Trigger Warning, On Some Heavy Stuff, On When Ill Teenagers Ask to Be Put to Death
There was this article in the Atlantic, about this dutch doctor who provides euthanasia for psychiatric clients. He talks about how for his first one, he asked god if it was ethical.
The article is, When Mentally Ill Teenagers Ask to Be Put to Death, by Charles Lane.
The doctor contended with his god, about what was ethical or not, and the piece goes into that question. Two things stood out to me about the piece.
An interesting statistic from the article (and this is commonly known as a statistic) is that women attempt suicide a lot more than men do, and men succeed a lot more than women do.
And so being able to go to a doctor’s office for euthanasia significantly increases the odds that a girl or woman succeeds.
Of the 30 people who died in this manner in 2024, 25 of them were women.
This stood out to me. It is structurally important in that if women are allowed to make attempts in a setting that is more controlled and designed to work, that the attempts do lead in the result desired in the moment.
The second thing that stood out to me, is if a person comes into a medical office with this desire, but they are calm enough, and are allowing a professional to take control of the situation…
I do think there ought to be other options. I don’t think that a “rejection” or a “confirmation” of the ask should be the choice that is going on there. The person coming in is trusting for something to be happening. The doctor should not be projecting the extreme duality of the choice back to the person coming in.

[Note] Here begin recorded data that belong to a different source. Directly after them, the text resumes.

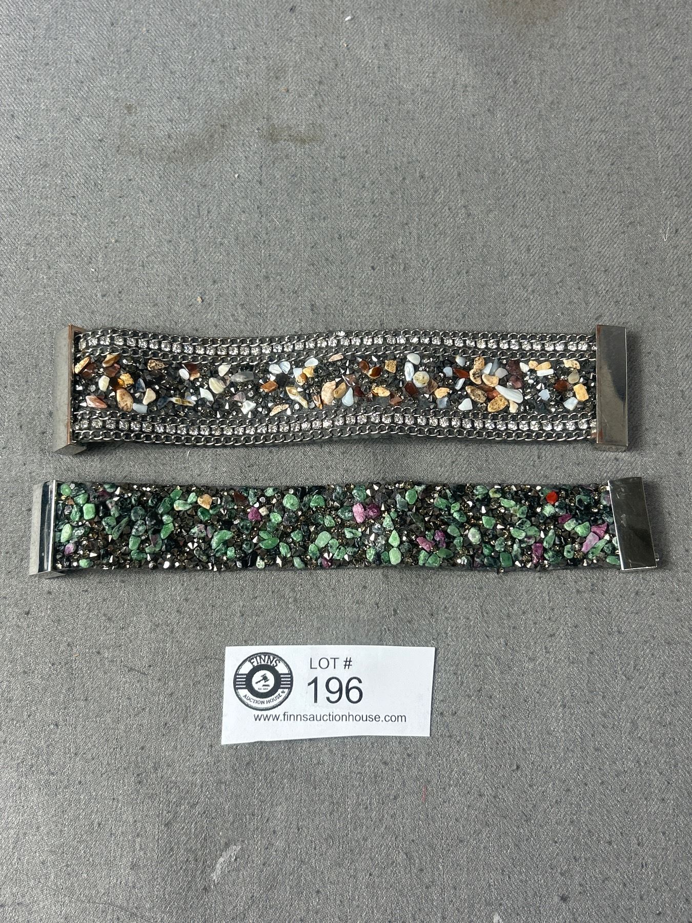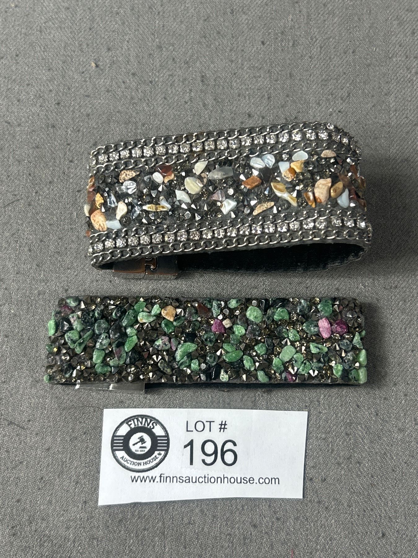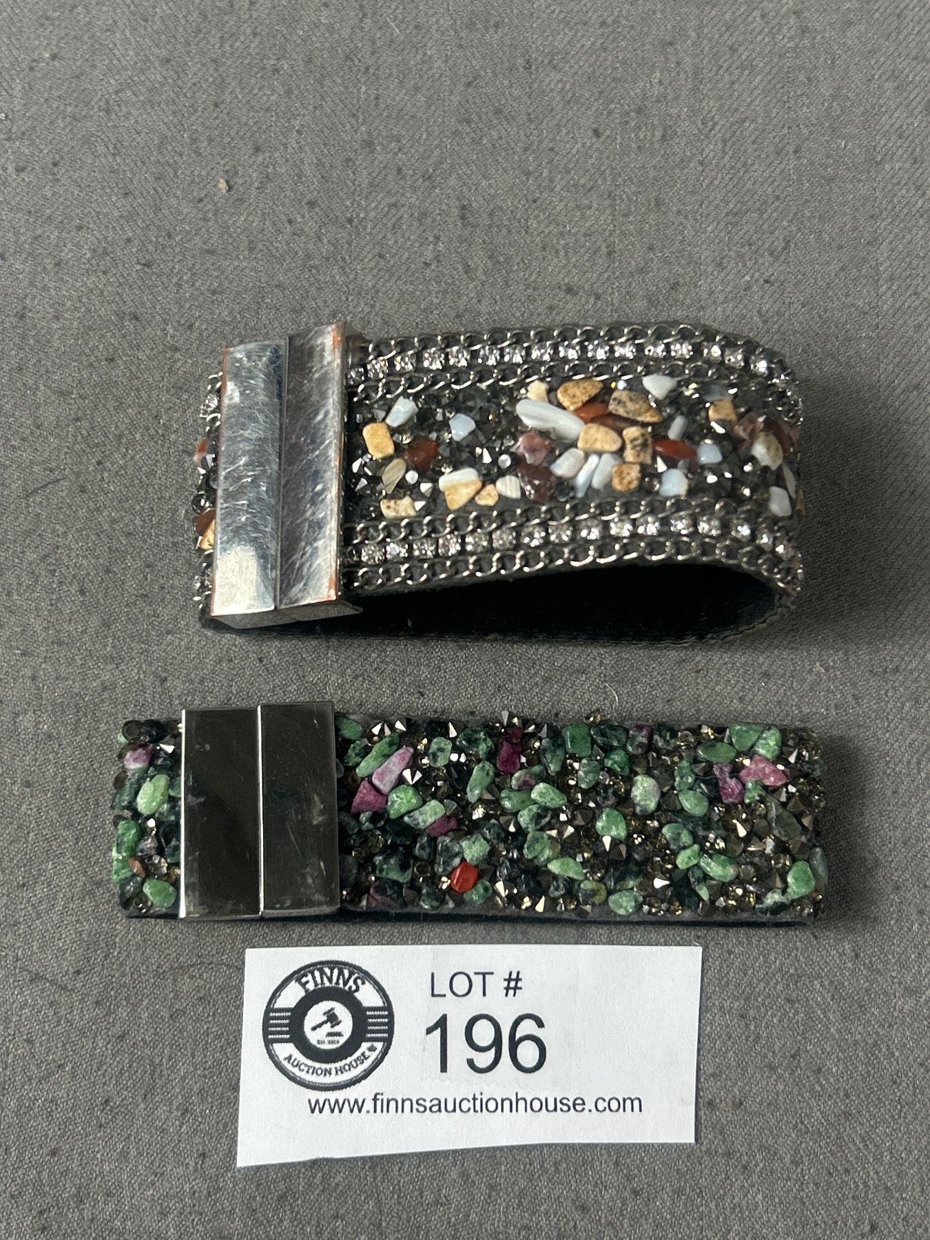 2 Gem Stones Chips On Leather Or Material Bracelets, Each Magnetic Closure
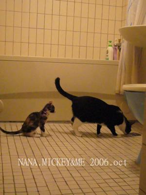 MICKEY喜歡喝浴缸的水... NANA喜歡喝排水孔的水... 他們都有自己的碗卻不喝... 就像我只愛喝珍珠綠茶... 無所謂啦~至少不要再像以前喝馬桶的就好...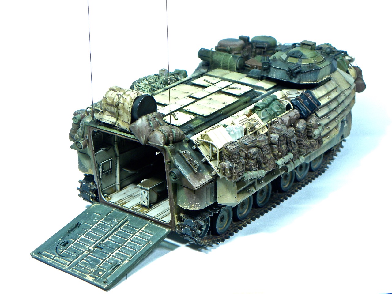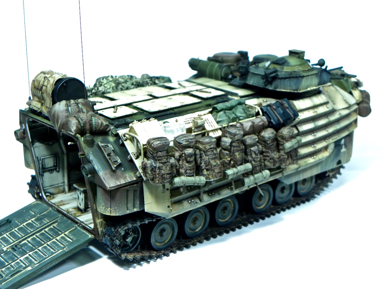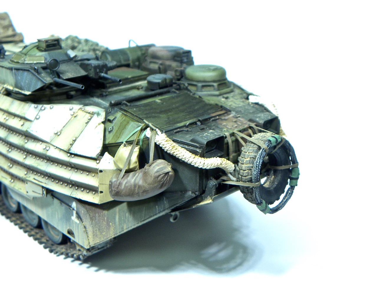 하비보스사의 AAVP-7A1입니다..프리울 트랙, 레전드사의 stowage 세트, 그외 여기저기 굴러다니던 악세사리를 올려주었고, IPP사의 도료 및 MIG사의 피그먼트로 마무리 하였습니다. 장비품들의 도색은 모두 아크릴을 사용하였습니다.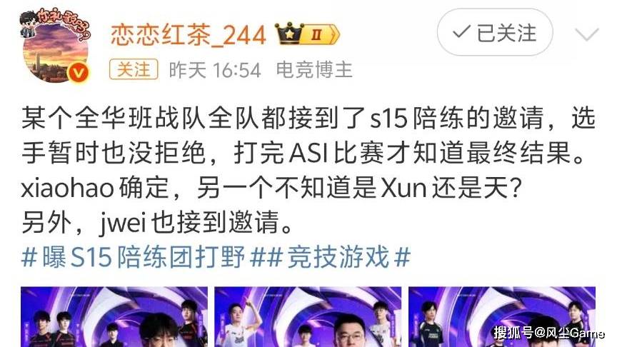 WBG邀请赛打进淘汰赛之后,爆料博主红茶发文透露:全华班全队都收到了,S15世界赛陪练的邀请,选手们没有拒绝,但最终结果,得打完邀请赛才知道,虽然没有点名WBG,但红茶的配图,是参加邀请赛的三支队伍,这三队里,只有WBG是全华班,所以小虎可能也要去参加陪练。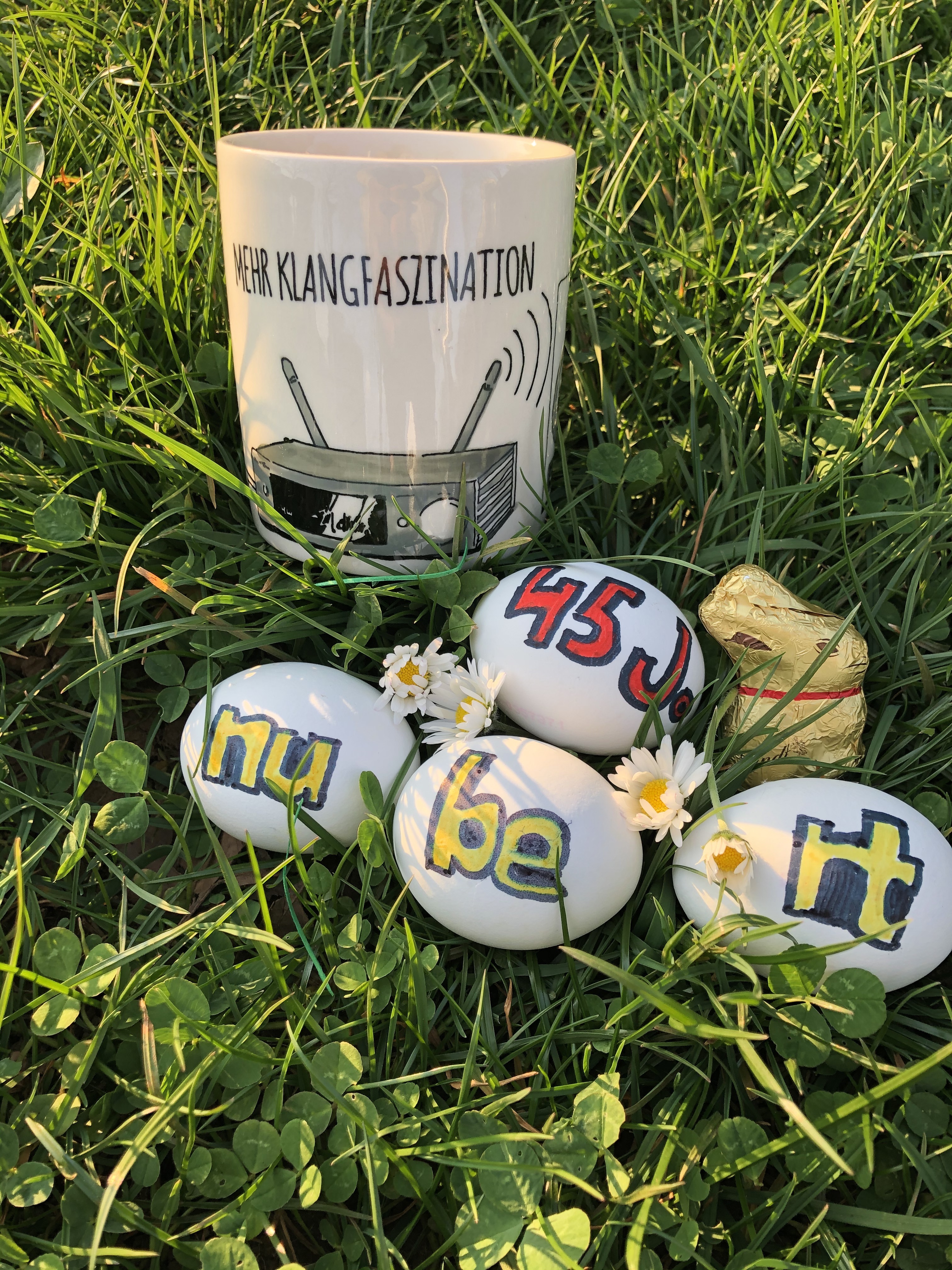 Da hat der Osterhase wohl die Zeitumstellung nicht mitbekommen. Oder Lack gesoffen.

In an office, the calm setting, is the place where potential options can be discussed. I really was moved by this thought.
In an emergency room context, if a person comes in or a person’s friend takes a person to an emergency room, the motivation there is to do whatever is possible to keep the person alive. Sometimes there is a violation of autonomy, in the case of being administered medication you might not want to be taking, or involuntary hospitalization.
There are people who are afraid of going to the hospital or getting help at all, because of experiences like this.
However, if somebody is calm, and seemingly in control of their emotions, and goes into a clean office and says that they want to die, should the prioritization tilt in the opposite direction of respecting autonomy? This experiment is not common, of euthanasia being given not for medical pain. It is not legal in most countries. However if it is an experiment, it should be treated as an experiment and more options for life and for treatment should be offered basically starting immediately, even if we do not know if it would help. Maybe we will learn about what helps.
I do believe that if you are in a state of extremity, that an office where you talk about it is a place where options should be given to you.
There is a lot of research being done on this topic in a variety of contexts. Some of the research likely can be put into a context like that.
Who might have wanted to live if given other options in that office? I don’t think that’s the point — they already were given other options and asked about them. Probably not many — or at least not many that would have said so, immediately, that day, that week, that month.
But in terms of being the people who are given power and responsibility to look out for potentialities for hope across time — I think that’s what should be implemented in these spaces, even if we do not know what to do yet.